Hey there! We’ve made it through another week, and you know what? This weekend is one of my favorite times here in Austin: it’s the Austin Film Festival and Writer’s Conference! I am volunteering this weekend, and it’s just a great time to see some of the best writers and creators come together and make cool things happen. I’m in need of inspiration, so this is coming at the right (write) time!
It’s also supposed to be a little chilly – FINALLY – this weekend (like, in the low 50s), even though it will warm back up next week. I’ll take what I can get; I am so tired of having my air conditioning running.
But, I’ve got a really fantastic, important book to discuss this week: “What Made Maddy Run: The Secret Struggles and Tragic Death of an All-American Teen” by Kate Fagan. Here is the official description from Amazon:
From noted ESPN commentator and journalist Kate Fagan, the heartbreaking and vital story of college athlete Madison Holleran, whose death by suicide rocked the University of Pennsylvania campus and whose life reveals with haunting detail and uncommon understanding the struggle of young people suffering from mental illness today.
If you scrolled through the Instagram feed of 19-year-old Maddy Holleran, you would see a perfect life: a freshman at an Ivy League school, recruited for the track team, who was also beautiful, popular, and fiercely intelligent. This was a girl who succeeded at everything she tried, and who was only getting started.

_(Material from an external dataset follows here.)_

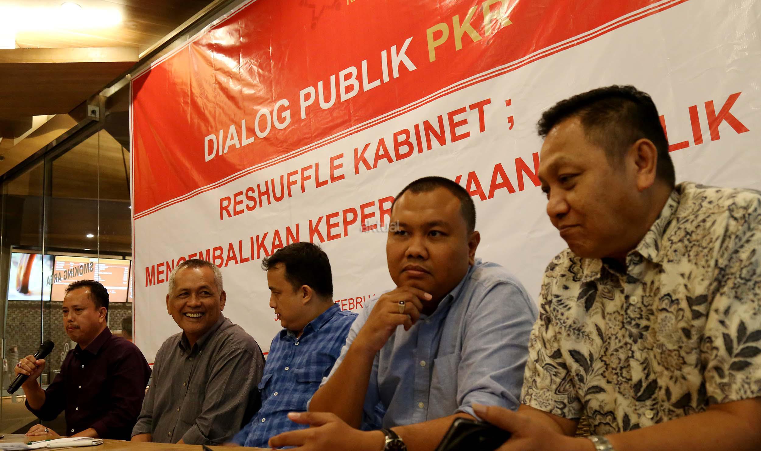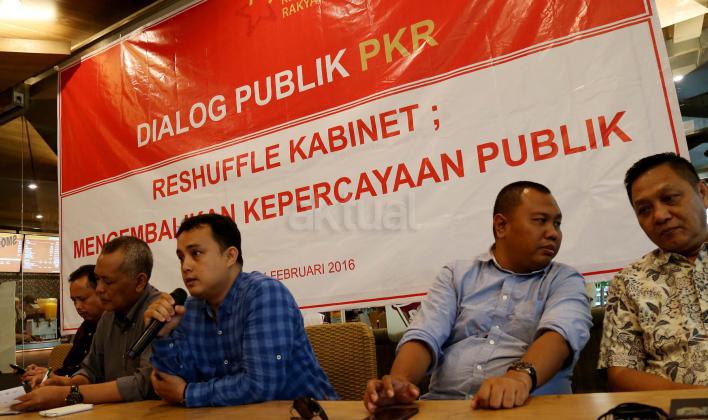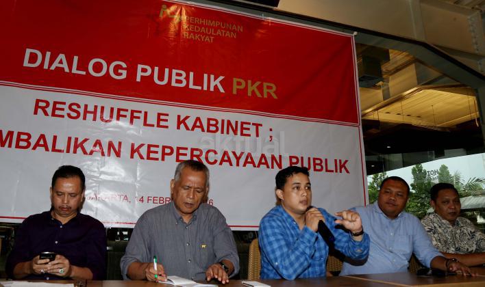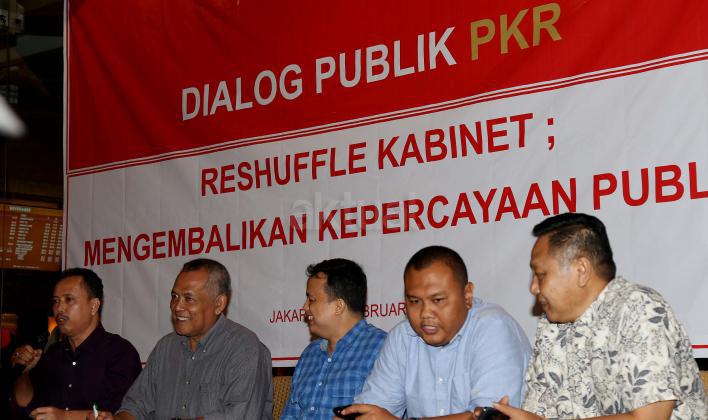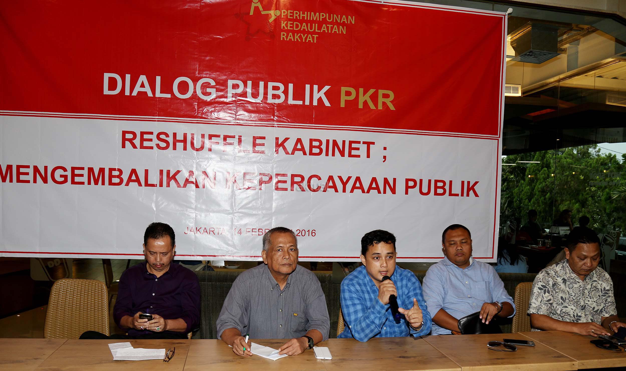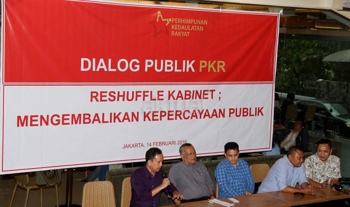 Kiri-kanan; Ketua Presidium Indonesia Police Watch (IPW) Neta S Pane, Direktur Institut Ekonomi Politik Soekarno Hatta (IEPSH) Hatta Taliwang, Sekjen Perhimpunan Kedaulatan Rakyat (PKR) Khalid Zabidi, Pengamat Politik Hendro Satrio, dan Koordinator Gerakan Indonesia Bersih Adhie M Massardi saat dialog publik di Menteng, Jakarta, Minggu (14/2/2016). Dialog yang diselenggarakan oleh Perhimpunan Kedaulatan Rakyat (PKR),mengangkat tema "Resuffle Kabinet : Mengembalikan Kepercayaan Publik".
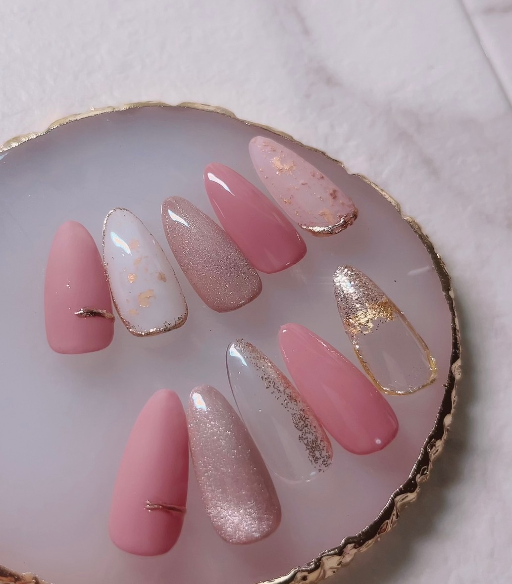 柔らかい春らしい雰囲気をモチーフとしているのであれば左、クールな印象だと右が合いそうなので、チップのデザイン的には左ですかね✨

But when Maddy began her long-awaited college career, her parents noticed something changed. Previously indefatigable Maddy became withdrawn, and her thoughts centered on how she could change her life. In spite of thousands of hours of practice and study, she contemplated transferring from the school that had once been her dream. When Maddy’s dad, Jim, dropped her off for the first day of spring semester, she held him a second longer than usual. That would be the last time Jim would see his daughter.
WHAT MADE MADDY RUN began as a piece that Kate Fagan, a columnist for espnW, wrote about Maddy’s life. What started as a profile of a successful young athlete whose life ended in suicide became so much larger when Fagan started to hear from other college athletes also struggling with mental illness. This is the story of Maddy Holleran’s life, and her struggle with depression, which also reveals the mounting pressures young people, and college athletes in particular, face to be perfect, especially in an age of relentless connectivity and social media saturation.
I added this book to my reading list after seeing Kate Fagan on an episode of “The Daily Show”. The book sounded fascinating, although heartbreaking. I was able to get the book just a few weeks later, and I immediately did something I probably shouldn’t have: I looked up Madison Holleran on Instagram.
And there she was: a seemingly perfect college athlete, a woman I likely would have thought had her life – a beautiful life – all tied together. But obviously that’s not entirely true. And now, her public Instagram profile serves as a bit of a time capsule – even the picture she posted in the last moments of her life is there – neatly filtered and edited.
We’re all guilty of it: we put things into the public that we are only OK with people knowing. When I was reading this book, I blamed this on social media. But, once I was finished with the book, I went back and read some of Fagan’s earlier work and she made a great point: humans have been editing their outward “look” for years – even when we’d write letters to each other, we would only mention the things we wanted people to know.
Remember AOL messenger? It’s going away this December, but I know I made myself look different online – even through AOL. I would put away messages alluding that I was out, partying, leaving my computer idle for days, when in reality I was sitting in my dorm room watching “Sex and the City”.
Of course, Maddy Holleran was going through much more than a social struggle. She was suffering from a mental illness, and was really feeling the pressures of college, on top of being a sought-after athlete. Here are some of the lines from the book I took note of:
- Many coaches believe these moments are forks in the road, and that choosing to push through the pain – in whatever form that pain comes – is what creates champions.
- …the more polished and put-together someone seems – everything lovely and beautiful and just as it should be – perhaps the more likely something vital is falling apart just offscreen.
- Comparing your everyday existence to someone else’s highlight reel is dangerous for both of you.
- Digital life, and social media at its most complex, is an interweaving of public and private personas, a blending and splintering of identities unlike anything other generations have experienced.
- And nothing turns enjoyment into dread faster than obligation.
I’ll be honest, there were times I felt sick while reading this book. Partially because I knew what was coming and I had mixed feelings about reading it, and partially because I found a lot of myself in Maddy – and that’s scary.
I think there’s a lot to learn from Maddy’s story, and that’s probably why her family let the author in so much – so other families wouldn’t have to suffer from a similar tragedy.
Despite the darkness of this book, I absolutely loved it. The way it was told was respectable, true, and easy to read. I am recommending this book to my social media lovers, and my true-story obsessors. This is one you won’t be able to put down.
The next book Blanche’s Book Club will be reading is “The Art of Crash Landing” by Melissa DeCarlo.
I hope you all have a fantastic weekend!